Parlando con la gente di Bas-en-Basset sembra quasi un inganno il NO francese alla Costituzione
europea, un bluff, nient’altro che un macroscopico refuso nella sacra bibbia dell’integrazione, di cui
la Francia è stata purtuttavia protagonista con eminenti e ferventi ispiratori quali Jacques Delors e
Jean Monnet.
Il sabato è il giorno dell’ufficialità, delle cerimonie, della consacrazione del gemellaggio. Si
comincia presto, con l’allocuzione dell’europarlamentare francese Catherine Guy-Quint che
disquisisce circa l’importanza dell’incontro fra le alterità e sulla possibilità di uno sviluppo dolce
per il territorio (casualmente lo stesso argomento trattato due giorni prima in un interessante
dibattito avvenuto in quel di Parrano). A seguire, i pompieri locali predispongono alcune
dimostrazioni di intervento, non peritandosi di utilizzare i propri ospiti come cavie da salvare. Il
momento del gonfalone arriva nel pomeriggio, quando i sindaci di Fabro e Bas-en-Basset,
spalleggiati dai presidenti dei comitati per il gemellaggio Raffaele Sanzone e Mireille Hombert, e
dal senatore Adrien Gouteyron, suggellano, fasciati dai rispettivi tricolori, la nuova e reciproca
appartenenza, fra le note intonate dalle rispettive bande musicali, che trovano anch’esse l’intesa in
un’intensa esibizione congiunta. Si firmano quindi i primi documenti comuni, e i cugini d’oltralpe
ci fanno il dono prezioso ed esclusivo delle chiavi della loro cittadina. Ma le sorprese non sono
finite, ed ecco che una carrozza trainata da uno splendido cavallo conduce i sindaci Anacleto
Carboni e Joseph Chapuis verso l’inaugurazione di una targa inneggiante al gemellaggio e di un
monumento eretto ad hoc per l’occasione. Quest’ultimo è emblematico, perché nei suoi quattro lati
unisce con una cintura di stelle (simbolo della Ue, reso per l’occasione similare a un rampicante
d’edera che funge da legatura) l’effigie di Fabro, l’incudine, e di Bas-en-Basset, l’anfora.

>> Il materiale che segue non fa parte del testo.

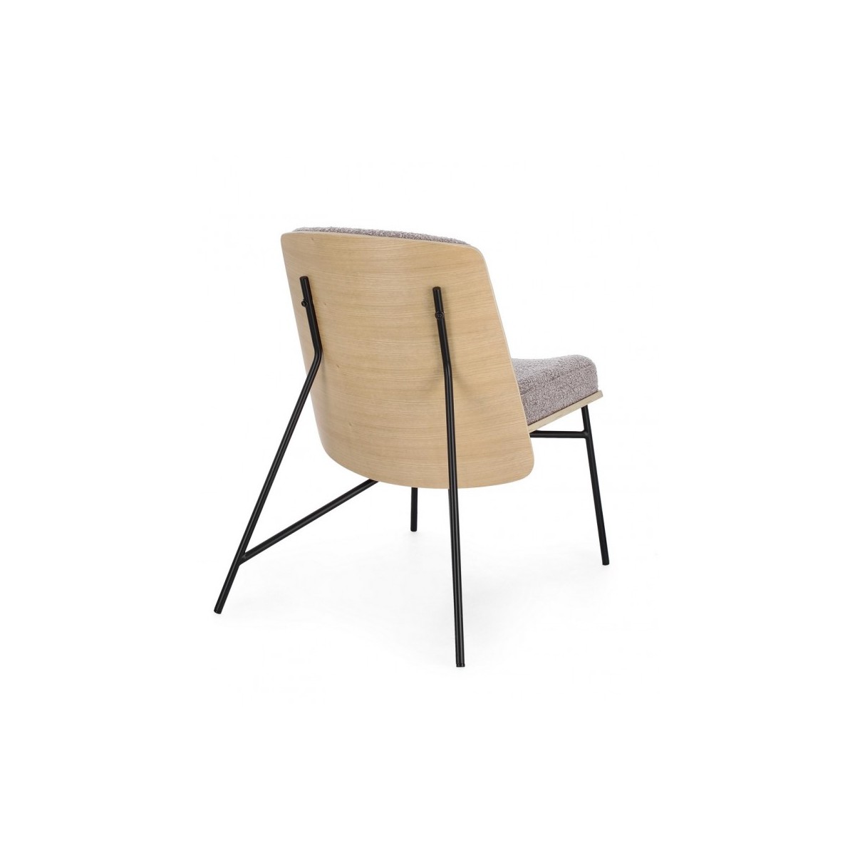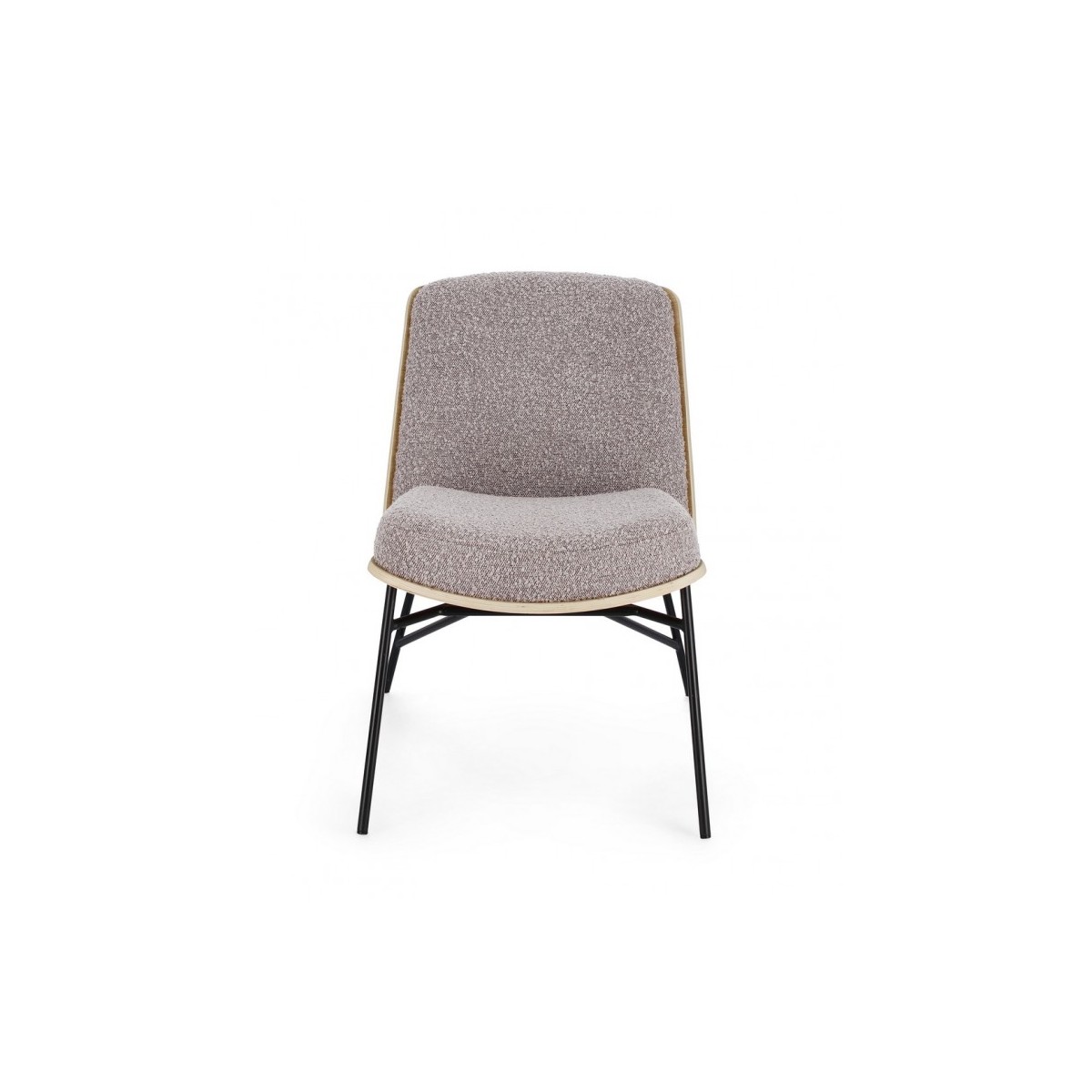STRUTTURA IN COMPENSATO. GAMBE IN ACCIAIO VERNICIATO A POLVERE. IMBOTTITURA IN SCHIUMA POLIURETANICA. RIVESTIMENTO IN 95% POLIESTERE 5% ACRILICO EFFETTO BOUCLE' . GAMBE DA ASSEMBLARE.

Entrambi
simboli di profusione: di energia il primo e di liquidi il secondo; ma mentre l’incudine è metafora
del fare e dell’impegno muscolare, l’anfora ha invece capienza per ospitare, per ricevere ma anche
per versare, è un ambivalente contenitore.
Ultimato il protocollo giunge il tempo della distensione, con una partita di calcio a squadre
rigorosamente miste per non ledere lo spirito del gemellaggio col troppo agonismo, e una cena in
una palestra addobbata a ristorante per conoscersi meglio nell’atmosfera del convivio. Scopriamo
così che la cucina francese, per noi inconcepibile perché priva di pasta e olio, può riservare
piacevoli sorprese e insperati accostamenti; scopriamo di non avere in comune solo la fisionomia e
qualche fisima, ma pure affinità nel modo di stare insieme e nella gerarchia dei valori fondamentali.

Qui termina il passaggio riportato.